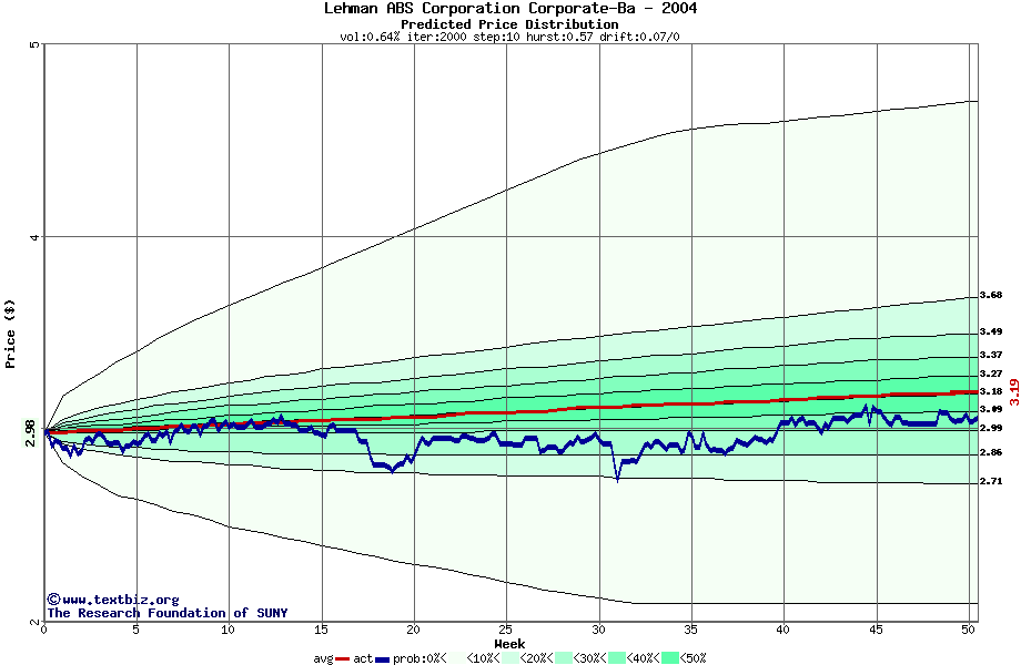 The high to date and low to date prices of the stock plotted against a random walk model for 2004 (what's this?).
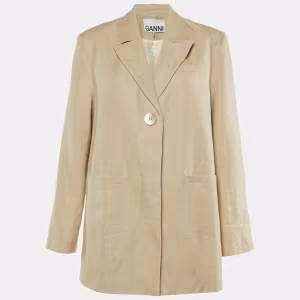 Ganni Neutral Linen Button Front Oversized Jacket L
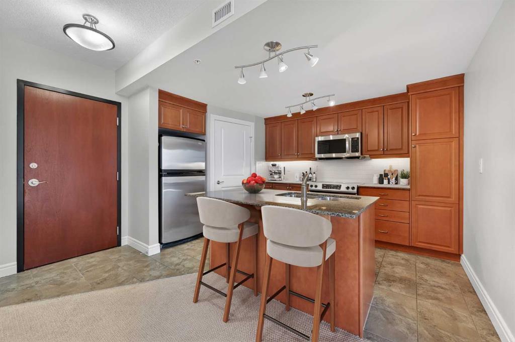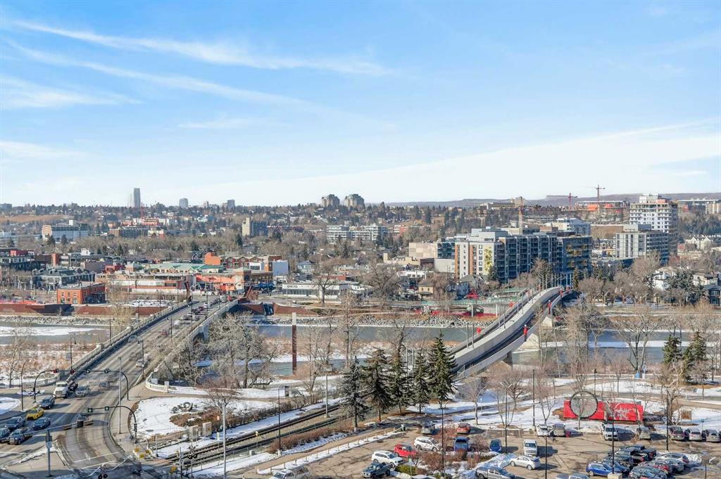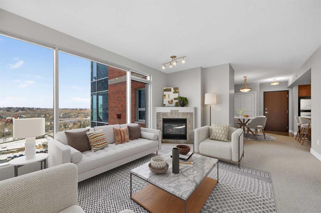 Five West Phase II – Elevated Executive Living in the Heart of Downtown Perched on the 14th floor of Five West Phase II, this sophisticated one-bedroom residence is designed for the young executive who values both momentum and balance. Framed by floor-to-ceiling windows, the space is flooded with natural light and showcases sweeping views of the Bow River and Calgary’s iconic skyline—an inspiring backdrop whether you're starting your morning or winding down after a full day. The open-concept layout creates effortless flow for entertaining or relaxing. A cozy gas fireplace adds warmth and character, while the private balcony becomes your personal vantage point for morning coffee, golden hour sunsets, or simply taking in the city energy below. The kitchen is sleek and functional, featuring granite countertops, stainless steel appliances, and a versatile island with seating, perfect for casual dining, hosting friends, or catching up on emails before heading to the office. In-suite laundry, central air conditioning, a titled underground parking stall, and even a convenient car wash bay in the building ensure your lifestyle runs seamlessly. Step outside and you’re moments from everything that defines downtown Calgary living. Walk to Prince’s Island Park for a midday run or weekend festival, cycle along the Bow River Pathway, or meet colleagues for dinner in Kensington. With the downtown core at your doorstep, commuting becomes optional—and convenience becomes standard. This is more than a condo. It’s a statement of lifestyle, where career ambition meets riverside tranquility, and every view reminds you why you chose to live at the centre of it all.

■ Exercise goal
Leave out the pictures, then repeat the listing above exactly from its first line to the line with "Ganni Neutral Linen", inclusive.

■ Output of the exercise
 The high to date and low to date prices of the stock plotted against a random walk model for 2004 (what's this?).
 Ganni Neutral Linen Button Front Oversized Jacket L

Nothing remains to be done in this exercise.